# deepdish

Serving Up Chicago-Style Deep Learning.

Latest post:

The building blocks of Deep Learning 21 Nov 2015

# Caffe with weighted samples

Caffe is a great framework for training and running deep learning networks. However, it does not support weighted samples, which is when you assign an importance for each sample. A weight (importance) of 2 should have the same semantics for a sample as if you made a duplicate of it.

I created an experimental fork of Caffe that supports this:

This modification is so far rough around the edges and likely easy to break. I have also not implemented support for it in all the loss layers, but only a select few.

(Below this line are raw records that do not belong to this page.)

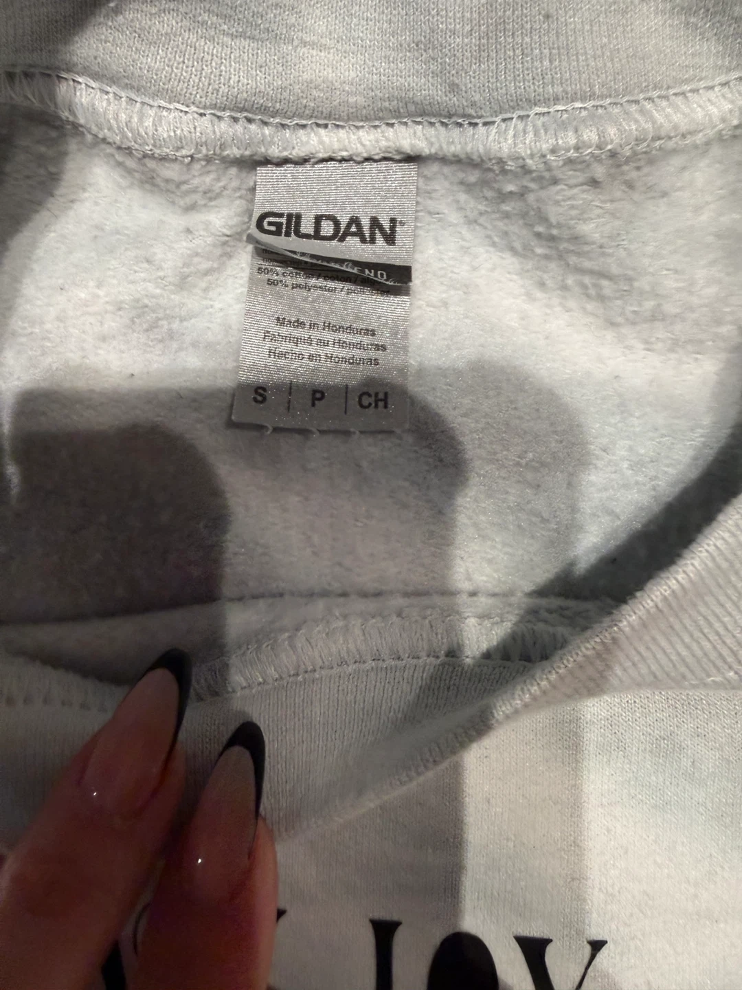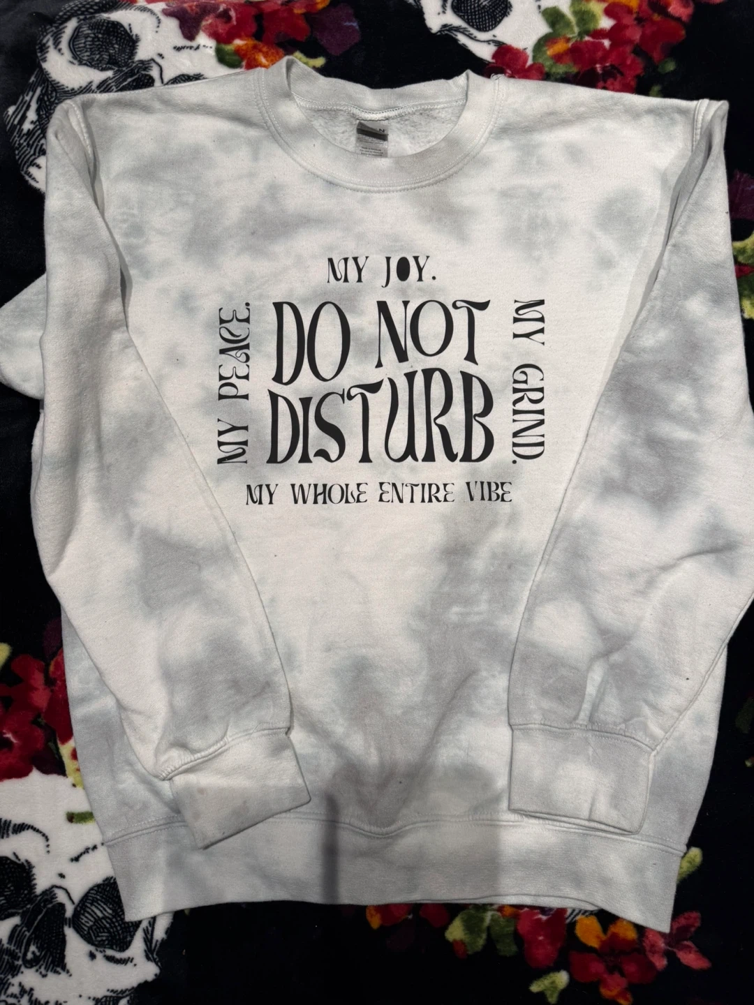 This Gildan sweatshirt features a tie-dye pattern and the "Do Not Disturb" graphic. It's made of a cotton-polyester blend. This sweater's print states "My Joy. Do Not Disturb. My Peace. My Grind. My Whole Entire Vibe." It's a size small.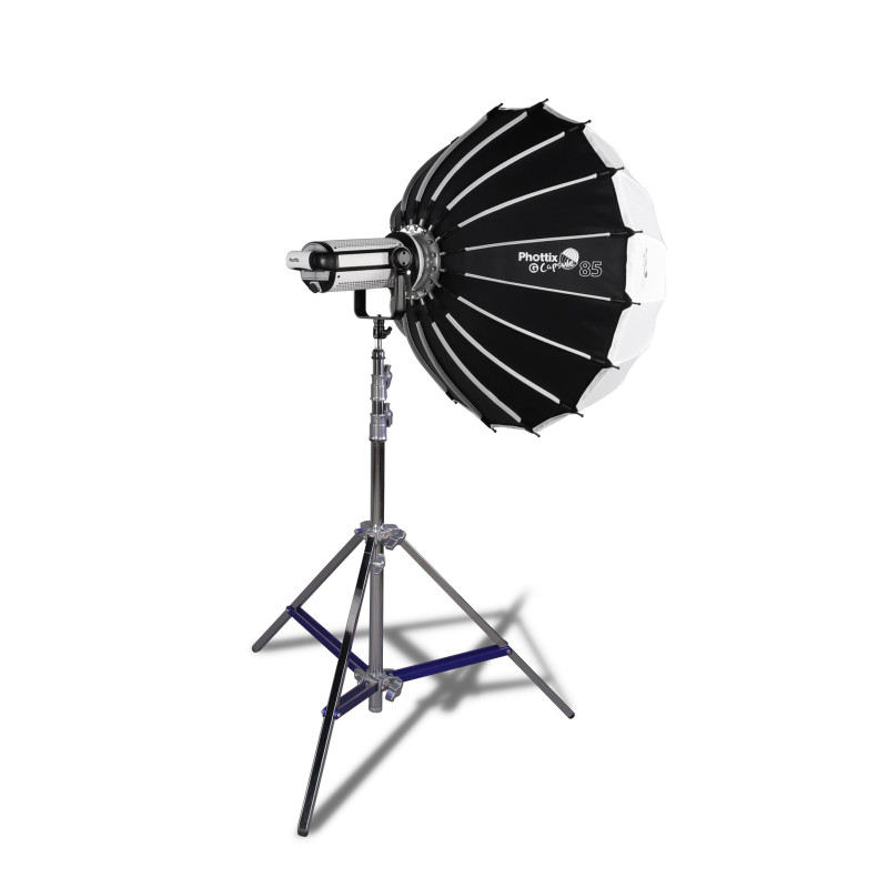 The Phottix G-Capsule Softbox 85cm features a sixteen-bar design and includes both internal and external diffusers. It is compatible with a variety of speed rings for different studio light mounts and provides soft, ambient lighting suitable for key or fill lighting.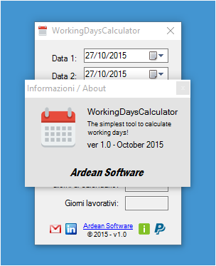 WorkingDaysCalculator je pomocný nástroj, který vypočítá pracovní dny mezi dvěma datumy zadanými uživatelem. Je možno nastavit počet pracovních dní za jeden týden. Jakmile se výpočet dokončí, zobrazí se celkový počet dnů.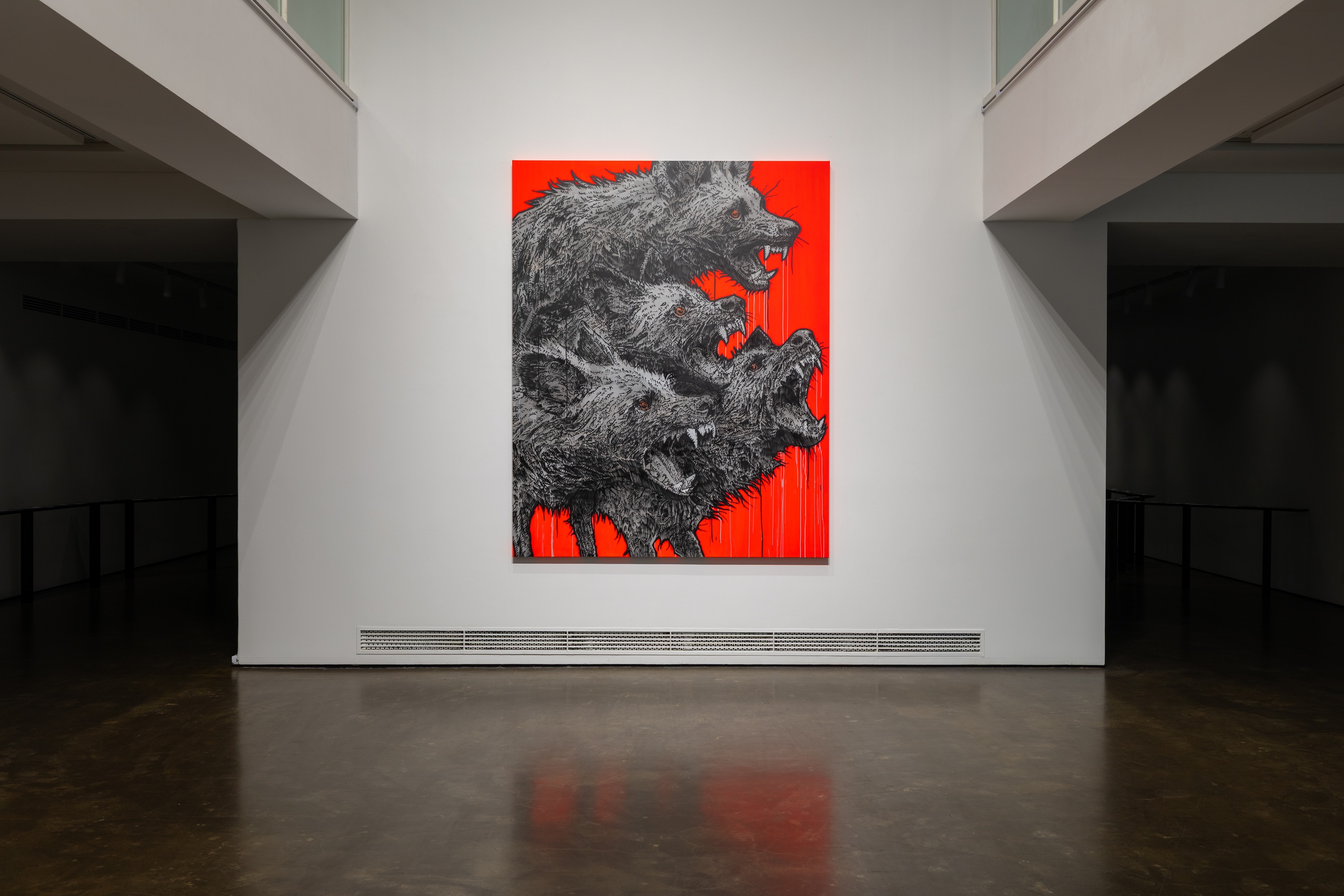 보이는 목소리 들어가며 만화와 힙합을 좋아하던 소년 지알원[1]은 2000년, 청소년 시절 그의 고향인 부산에서 첫 그래피티를 제작했다. 이후 그는 ‘최대한 많이, 최대한 위험한 곳에’ 자신의 흔적을 남기는 모험과도 같은 여정을 시작한다. 대학 졸업 후 시카고의 한 신문사에 취직한 뒤에도 그는 퇴근 후 스케치를, 주말에는 거리를 누비며 그래피티 작업을 이어갔다. 폐공장에 무단 침입해 8층까지 계단 손잡이 봉을 타고 올라가 그래피티를 남기다 체포되었던 어느 날의 이야기는 이제는 웃으며 꺼내는 하나의 에피소드다. 그러나 당시의 살벌했던 상황을 떠올려 보면, 그러한 (무모한) 용기를 쉽게 낭만화하기는 어렵다. 그럼에도 불구하고 그는 그래피티를 멈추지 않았다. 아니, 오히려 스프레이 통을 더 세게 쥐었다. 이러한 지알원의 삶의 궤적은 전설이나 설화처럼 들리기도 한다. 다만 그것은 어떤 영웅담이 아니라 그가 보여준 그래피티적 태도의 연대기에 가깝다. 이번 개인전은 바로 그 태도가 문법이 되고, 문법이 시각예술로 발화되는 지점을 따라간다. Chapter 1. 그래피티의 확장 지알원은 분명 그래피티에 기반을 두지만 그 정체성에 갇히지 않는다. 그의 작업은 평면 회화뿐 아니라 다양한 매체와 형식으로 확장되며 미술 장르의 경계를 자유롭게 넘나든다. 한국을 비롯하여 미국, 아시아 전역을 오가며 그래피티 아트를 폭발적으로 생산해 내던 그가, 2013년경부터는 특히 동아시아의 주요 도시를 누비며 특정한 주제, 즉 내러티브를 가진 대형 그래피티 프로젝트를 다수 진행한다. 회화의 문법으로 풀어낸 거리의 작업은 자연스럽게 순수미술로 연결된다. 이야기를 가진 그래피티는 더 이상 즉흥적 흔적에 머무르지 않았으며, 화면을 구성하는 조형 언어로 진화했다. 2019년 소마미술관 드로잉센터에서의 개인전을 기점으로 그는 본격적으로 제도권 미술계에 진입한다. 지알원 회화에서 눈에 띄는 속도감, 화면을 가득 채우는 밀도, 차분하고 고상한 붓질과는 대척점에 있는 일필휘지의 폭발적 제스처는 모두 거대한 벽을 상대로 몸 전체를 사용해 작업하던 관성과 에너지가 응축된 결과이다. 또한 그의 작품은 직시성이 매우 뚜렷하다. 의미를 쉽사리 파악하기 어려운 개념적 미술이 아니라, 달리는 차 안에서 보아도 찰나에 각인될 수 있는 방식이다. 이러한 지점 역시 그래피티의 속성과 연결된다. 질료적 특징도 그러하다. 지알원은 물감 대신 그래피티 재료인 스프레이와 아크릴 마커를 작업의 주된 소재로 사용한다. 독특한 점은 그의 회화에서 두드러진다. 정통 그림의 바탕재가 되어 왔던 캔버스 위에 그림을 그리고는 있으나, 작품 제작에 앞서 특별한 표면 처리 과정을 거친다. 그는 종종 아크릴 보조제를 발라 캔버스에 거친 요철을 만든다. 이는 일반적으로 그래피티가 제작되는 벽의 불균질하고 거친 물성을 표면 위로 전이시키려는 시도이다. 그래피티 아티스트들은 각자 고유한 스타일을 구축하고 이를 반복적으로 사용한다. 지알원의 그래피티 스타일은 마치 번개가 사방으로 뻗어 나가듯 날 선 선들이 연쇄적으로 분출되는 형상으로 이루어진다. 이러한 특징은 그의 순수 작업 전반으로 확장되는데, 회화에서는 삼각형과 다각형으로, 조각에서는 주로 뿔을 연상시키는 구조로 나타난다. 그래피티에서 비롯된 시각적 형태가 연장되면서 지알원 작업 전반에 걸친 일관된 조형적 문법을 만들어 냈다. 다시 한번 강조하는 것은, 그의 회화가 단순히 그래피티를 화면에 옮기는 데 머무르지 않는다는 점이다. 결국 그의 작업이 향하는 지점은 그래피티의 외형과 활동 경계는 물론이며 그 대상까지도 아우르는 확장적 태도에 있다. 지알원은 이를 통해 그래피티를 이미지에 머무르게 하지 않고, 하나의 실천적 방법론으로 전환함으로써 동시대 미술에서 유효한 조형 원리로 발전시킨다. Chapter 2. 지알원이 여기에 있었다 들개 이번 전시 《Grrr!》는 지알원이 처음 그래피티를 시작했던 시점부터 현재에 이르기까지의 작업 전반을 집약적으로 조망한다. 전시장 입구에서 관객을 맞이하는 작품 〈개들이 짖는다〉(2025)는 지알원의 정체성을 단번에 각인한다. 지옥의 문을 지키는 케르베로스를 연상시키는 이 개들은, 전시의 제목처럼 으르렁거리는 소리 ‘grrr!’를 시각화한 대상들이다. 케르베로스가 지옥의 문을 지키는 존재라면, 지알원은 무엇을 지키고 있는가. 그는 거리위의 존재들을 길들지 않은 들개에 비유한다. 그러나 무작정 공격적인 존재가 되겠다는 것은 아니다. 비주류와 주류를 가르는 제도의 폭력성에 맞서, 오히려 지키고 드러내기 위해 으르렁거리는 존재에 가깝다. 그의 작업에 등장하는 대상들은 주로 사회의 주변부에 머물다 사라지거나, 잊히거나, 혹은 끝내 주변에 남겨진, 주목받지 않는 존재들이다. 이처럼 지알원은 주변부에 머물던 것들을 지속적으로 작업에 소환한다. 이 과정에서 비주류 문화와 존재들에 대한 연대의 감정이 작업의 동력으로 작용한다. 그는 이들을 작품의 위치로 끌어올려 ‘여기에 분명히 있었다’라는 존재적 사실을 발언한다. 작업에 자주 등장하는 형광

It works by adding the blob sample_weight to the dataset, alongside data and label. The easiest way is to save the data as HDF5, which can easily be done through Python:

import h5py
import os

# X should have shape (samples, color channel, width, height)
# y should have shape (samples,)
# w should have shape (samples,)
# They should have dtype np.float32, even label

# DIR is an absolute path (important!)

h5_fn = os.path.join(DIR, 'data.h5')

with h5py.File(h5_fn, 'w') as f:
f['data'] = X
f['label'] = y
f['sample_weight'] = w

text_fn = os.path.join(DIR, 'data.txt')
with open(text_fn, 'w'): as f:
print(h5_fn, file=f)


Or, if you have our deepdish package installed, saving the HDF5 can be done as follows (also see this post):

dd.io.save(h5_fn, dict(data=X, label=y, sample_weight=w))


Now, load the sample_weight in your data layer:

layers {
name: "example"
type: HDF5_DATA
top: "data"
top: "label"
top: "sample_weight"  # <-- add this
hdf5_data_param {
source: "/path/to/data.txt"
batch_size: 100
}
}


The file data.txt should contain a single line with the absolute path to h5_fn, for instance /path/to/data.h5. Next, hook it up to the softmax layer as:

layers {
name: "loss"
type: SOFTMAX_LOSS
bottom: "last_layer"
bottom: "label"
bottom: "sample_weight"  # <-- add this
top: "loss"
}


The layer SOFTMAX_LOSS is one of the few layers that have been adapted to use sample_weight. If you want to use one that has not been implemented yet, take inspiration from src/caffe/softmax_loss_layer.cpp. Remember to also update hpp and cu files where needed. If you end up doing this, pull requests are welcome.